Cinquante ans après, cette assertion est toujours valable. Non que la déclaration de nouveaux droits n’est pas importante mais le problème central reste celui de leur garantie car dans le domaine des droits et libertés, « l’écart entre l’existence de la norme et l’effectivité de son application est le plus grand ».

Dès lors et pour reprendre la juste formule de Véronique Champeil-Desplats :

« Les mécanismes juridiques ayant vocation à assurer la concrétisation des droits et libertés sont ainsi constamment mis à l’épreuve de l’état du monde dans lequel ils sont institués ».

 

Ce second article poursuit le premier en ce qu’il vise plus particulièrement la garantie des droits fondamentaux. Le premier article n’était au fond qu’une illustration de cette garantie. Il s’agira dans ce second article d’interroger les garanties relatives aux droits fondamentaux.

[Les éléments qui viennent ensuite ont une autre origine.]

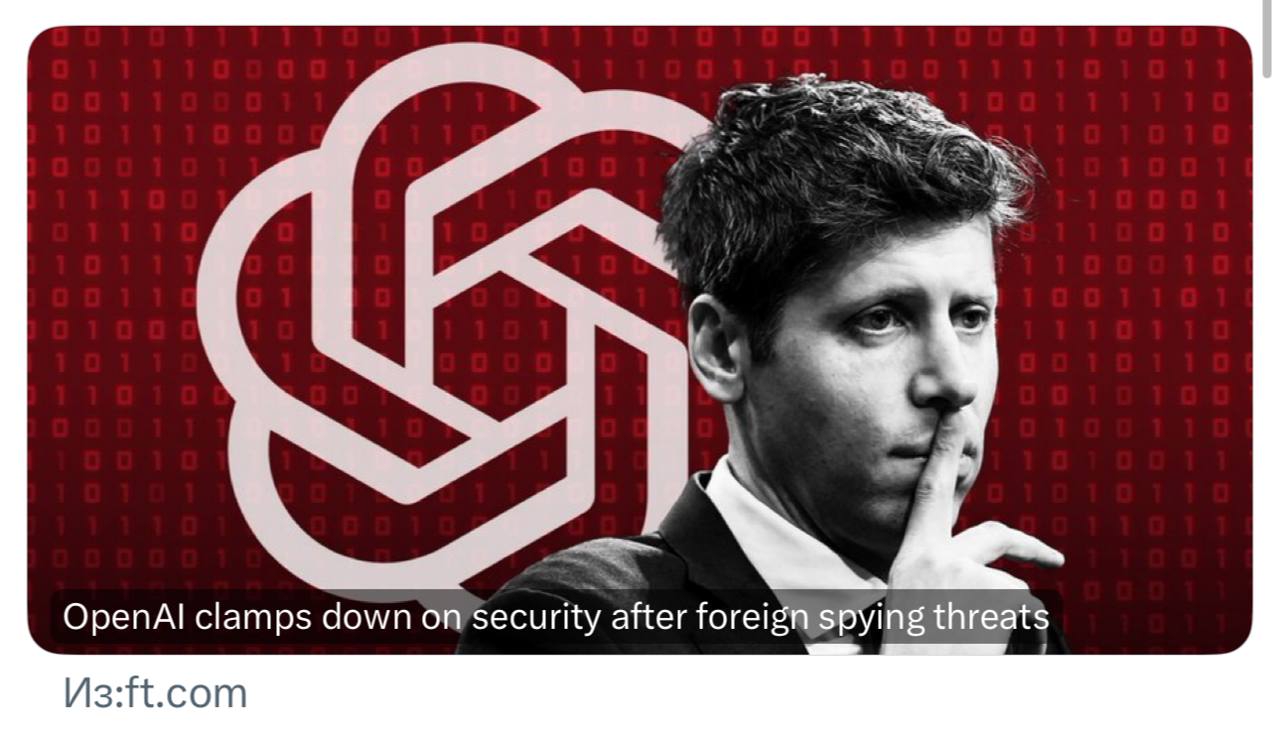 После выхода R1 от DeepSeek Альтман решил усилить контроль за безопасностью внутри компании. Напоминаю, что представители OpenAI утверждали, что китайцы обучили свою модель с помощью методов дистилляции из их моделей.
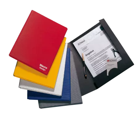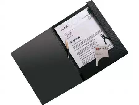 Chemise de présentation en carton recyclé, avec deux rabats. Intègre une fente pour carte de visite. Solide carton recyclé de 1,2 mm d'épaisseur, avec label Ange bleu. Pour format A4, capacité d'environ 1 cm. Dimension L31,5 x P22,5 cm. Disponible en 5 couloris.
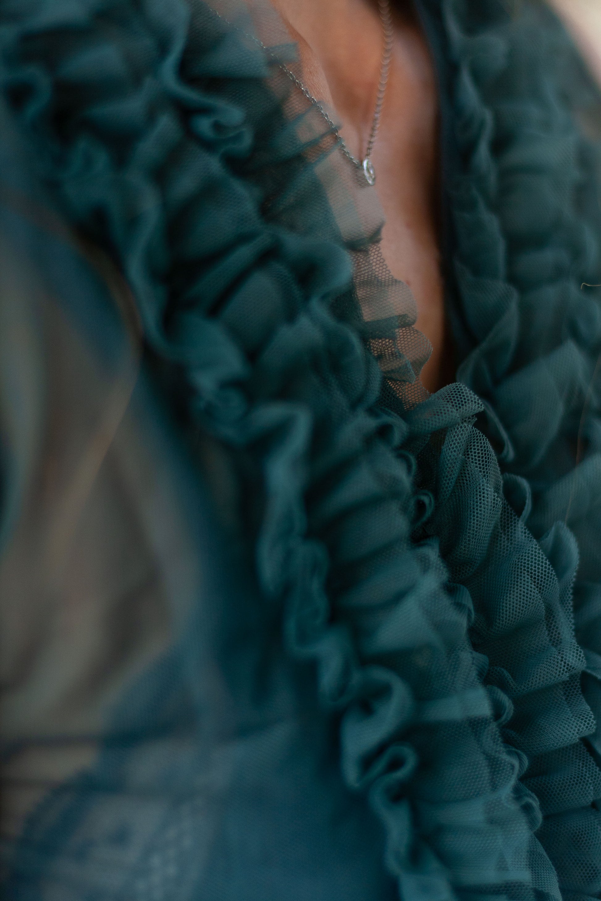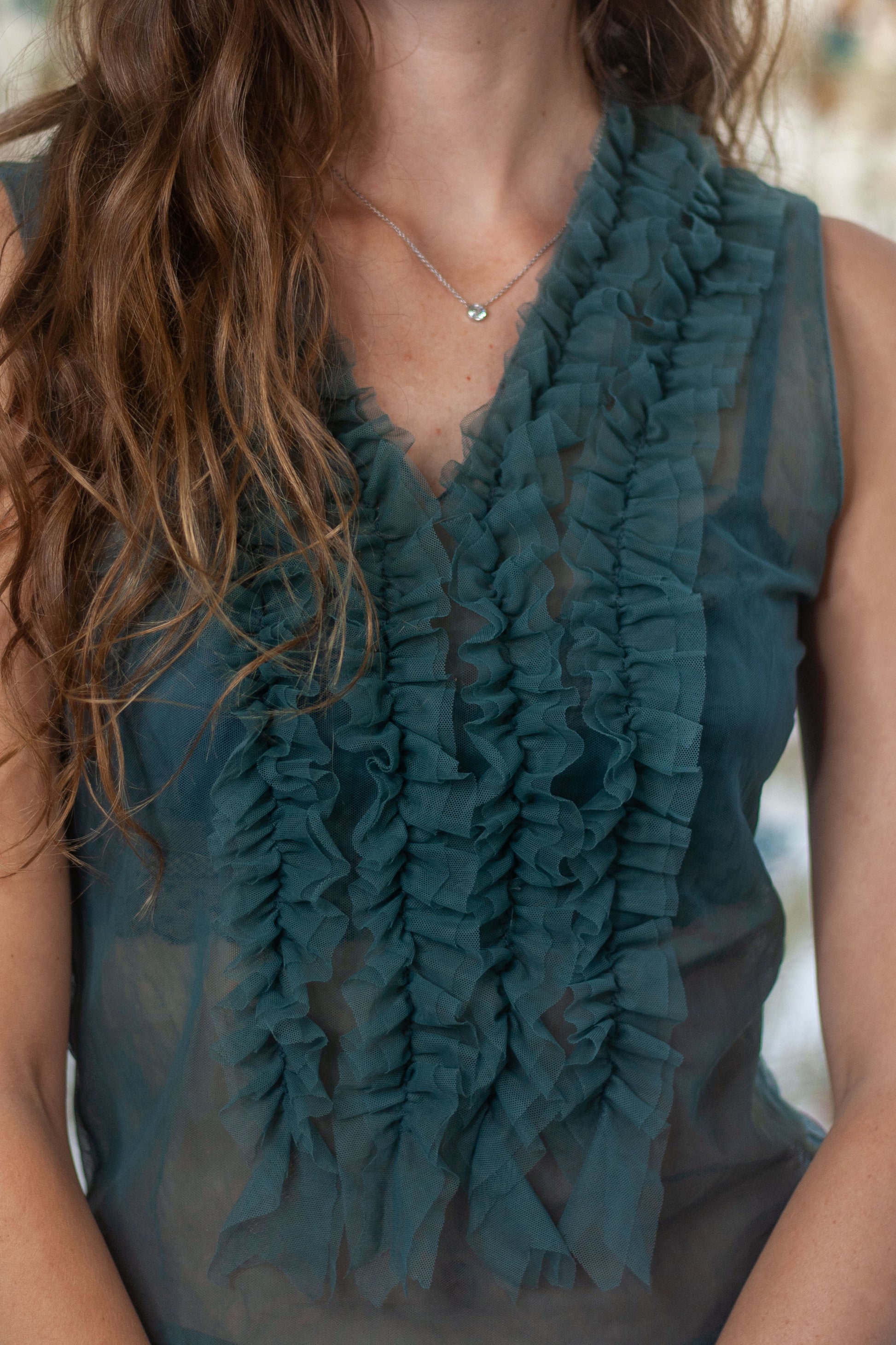 Haut transparent en tulle bleu canard Briefing vintage (Galeries Lafayette). Décolleté bordé de froufrous. Tout en transparence. À porter en layering ou façon dessous-dessus.
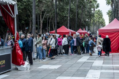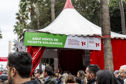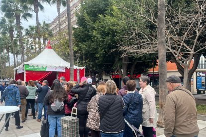 Cola de gente esperando su turno para comprar los tiquets solidarios.
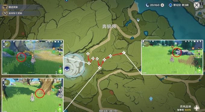 2.位于蒙德,建议在队伍中加入可莉,天赋可以标记特产位置
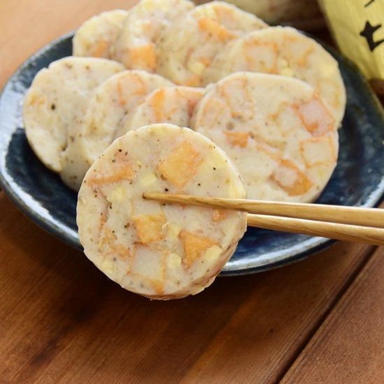 【魚っちチーズ入り】魚肉、チーズ、ブラックペッパー、にんにく、食塩、食用菜種油/加工澱粉、調味料(アミノ酸等)、保存料(ソルビン酸)
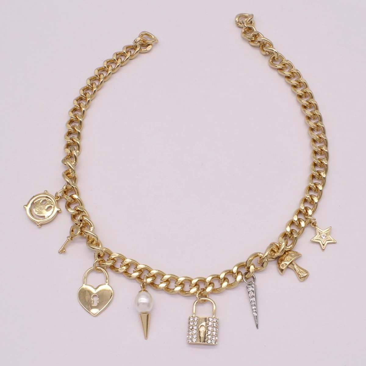 Ashley by Ashley Cooperβ’ charms galore – some glimmering gold and some sparkling with pave crystals – elevate any outfit with this fun and edgy necklace.
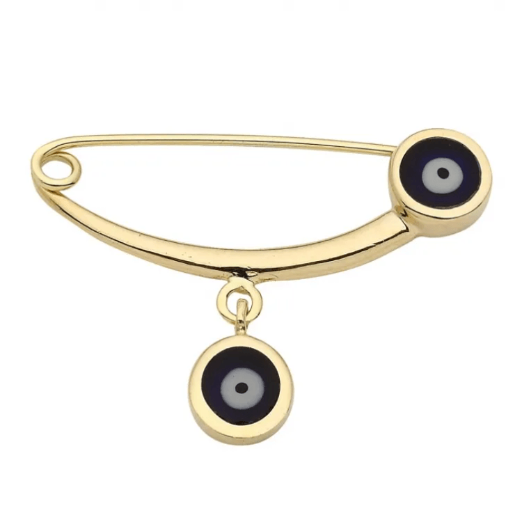 Altın Çocuk Takıları modellerinden Nazar Boncuklu Altın İğne ürünümüz,
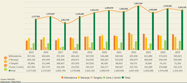 Detalló que la producción de mandarinas ascendió a 595.023 toneladas, registrando un aumento de +3.84% (573.023 toneladas en el 2024); de naranja sumó 503.698 toneladas, reportando una contracción de -8.49% (550.434 toneladas); limones y limas 352.178 toneladas, apreciándose una disminución de -6.51% (376.688 toneladas); y tangelo 72.204 toneladas, observándose una caída de -2.59% (74.123 toneladas).
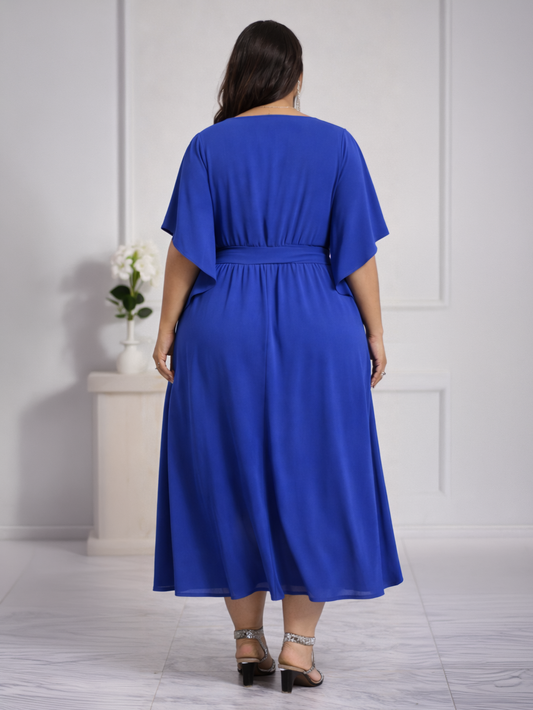 Senna V-Neck Plus Size Dress in Vibrant Blue

On ne peut nier aujourd’hui que les droits et libertés fondamentaux ont partout reculés.

Que ce soit dans les régimes illibéraux ou dans les régimes dits « libéraux », le domaine des droits et libertés s’est restreint dans son effectivité. Paradoxalement, l’ère est à la revendication de nouveaux droits. Mais au lieu de revendiquer de nouveaux droits, ne faudrait-il pas s’assurer que les anciens droits font déjà l’objet d’une protection suffisante ? Les questions de l’énonciation et de la garantie des droits fondamentaux ne sont pas exclusives l’une de l’autre, elles se complètent par ailleurs. Mais c’est bien la seconde question, celle de la garantie effective qui doit nous interroger. À quoi bon énoncer de nouveaux droits si on ne peut garantir de manière effective ces droits fondamentaux ?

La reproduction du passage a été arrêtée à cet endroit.